Thrombocytopenia, a low platelet count (<100 × 109/L), is a common side effect of cancer and its treatment. Its severity varies by cancer type, stage, and treatment approach, occurring in nearly 100% of acute leukemia patients but in less than 5% of some head and neck cancer cases.
Some cancers involve multiple factors leading to thrombocytopenia. Lymphoproliferative malignancies, for example, result in low platelet counts due to splenic platelet sequestration, reduced production in the bone marrow, and immune-related destruction [1].
Thrombocytopenia can also emerge due to the chemotherapy treatment used. The occurrence and prevalence of chemotherapy-induced thrombocytopenia vary significantly depending on the specific chemotherapy used, ranging from 8% in taxane-based regimens to 37% in gemcitabine-based regimens and even up to 82% in carboplatin monotherapy. [2].
Thrombocytopenia, bleeding risk and VTE
Thrombocytopenia is linked to a higher risk of bleeding but does not offer protection against venous thromboembolism (VTE). In a study involving 1514 patients who underwent hematopoietic stem cell transplantation, VTE incidence within six months was 4.6% (95% CI 3.6–5.8%), and 34% of these cases occurred when platelet counts were below 50 × 109/L. Meanwhile, clinically significant bleeding was prevalent, affecting 15.2% (95% CI 13.4–17.1%) of individuals, and the use of anticoagulation was associated with a 3.1-fold increased risk of bleeding [3].
Despite the common occurrence of VTE, the most effective anticoagulation management strategies for patients with cancer and thrombocytopenia remain uncertain. Clinical practice guidelines recommend low-molecular-weight heparin (LMWH) for initial treatment in patients with cancer-associated thrombosis (CAT) and thrombocytopenia (over direct oral anticoagulants) due to more evidence with LMWH in this setting[4].
However, the ideal dosing of LMWH for managing CAT in thrombocytopenic patients is not established. Some studies propose using reduced-dose LMWH for moderate thrombocytopenia (platelet counts <50 × 109/L) and temporarily stopping it for severe thrombocytopenia (platelet counts <25 × 109/L) as a safe and effective approach. Conversely, other studies suggest full-dose anticoagulation with transfusion support in the presence of thrombocytopenia [5].

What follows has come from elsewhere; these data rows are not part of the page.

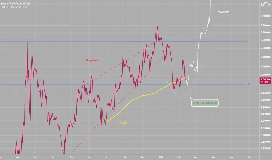 I would like to see a sort of cup (like on a cup and handle) form following the rising wedge, this places it in a very bullish position
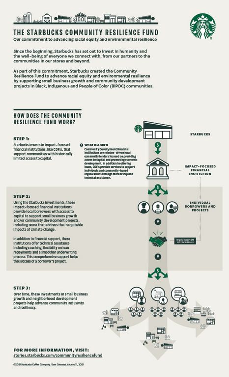 Starbucks will in den USA 100 Millionen Dollar investieren, um den Starbucks Community Resilience Fund ins Leben zu rufen. Dieser fokussiert sich auf die Unterstützung von kleinen Unternehmen in Vierteln von Schwarzen, Indigenen und People of Color. Darüber hinaus geht Starbucks eine Partnerschaft mit dem Smithsonian's National Museum of African American History and Culture ein, um die Bildungsressourcen des Museums und digitale Möglichkeiten für Freiwillige zu unterstützen.
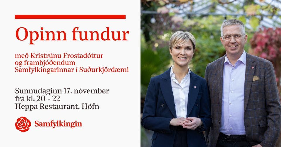 Samfylkingin í Suðurkjördæmi ásamt Kristrúnu Frostadóttur, formanni Samfylkingarinnar, bjóða íbúum á Höfn og nágrennis til opins fundar.

Searching for the best anticoagulation strategy
An analysis of existing literature aimed to compare the efficacy of full-dose anticoagulation with platelet support against dose-modified LMWH strategies in managing anticoagulation in this context. However, the study revealed that the existing data were too poor to determine the superiority of either of these management strategies [5].
Trying to fill this gap, a systematic review and meta-analysis was conducted to assess the risks of recurrent VTE and bleeding events in patients with CAT and thrombocytopenia (platelet count <100 × 109/L) based on different anticoagulation management approaches [6].

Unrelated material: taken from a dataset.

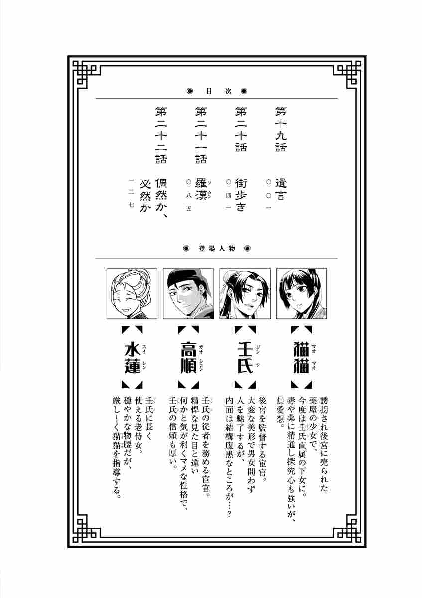小さな事件が重なり一つの大きな絵を描く! 美形宦官・壬氏(ジンシ)のおつきの侍女として宮中へ戻ることになった、毒好き少女・猫猫(マオマオ)。後宮にいた頃と変わらず、彼女の元には少し不思議な事件の話題がひっきりなしにやってくる。新たな事件は皇帝御用達の彫金細工師の御家騒動──亡き職人が息子達に残した遺言の謎に猫猫が挑む! そして曰くありげな、くせ者の武官・羅漢(ラカン)も現れて…!?

After reviewing 4341 records, 62 studies underwent full-text evaluation for eligibility. Ultimately, 19 studies involving 1728 patients with platelet counts below 100 × 109/L were included in the systematic review. Among these, there were no randomized controlled trials (RCTs), two prospective cohort studies, and 17 retrospective cohort studies (with 15 being single-center studies). For the meta-analysis, six studies lacked sufficient data to calculate event rates per patient/month for different anticoagulation strategies and were therefore excluded. Additionally, studies with a median or overall follow-up significantly exceeding 100 days were excluded to assess event rates during thrombocytopenia accurately. This led to the inclusion of 10 studies involving 707 patients with platelet counts below 100 × 109/L in the meta-analysis [6].
The results confirmed the elevated risks of recurrent VTE and bleeding complications in patients with CAT and thrombocytopenia. The recurrence rate for VTE was 2-3% per month, while major bleeding occurred at a rate of 2-4% per month and total bleeding at 3-13% per month [6].
Interestingly, these risks were consistent across various anticoagulation management strategies; the meta-analysis indicated no statistically significant differences in the rates of recurrent VTE or major bleeding events when comparing various anticoagulation management strategies. LMWH seems to remain the preferred anticoagulant for CAT and thrombocytopenia, while data on the use of direct oral anticoagulants (DOACs) in this context are lacking [6].
Limitations in the existing data
It is essential to highlight the substantial limitations in the existing data. The included literature displayed substantial variability in patient characteristics, VTE acuity, bleeding criteria, and follow-up durations. Also, all the studies were observational and lacked random allocation of anticoagulation strategies, leading to baseline differences among patients receiving different strategies and potential confounding. Moreover, different modified anticoagulation approaches were employed, involving reduced dosages or shortened durations. Additionally, diverse bleeding event categorization criteria were utilized [6].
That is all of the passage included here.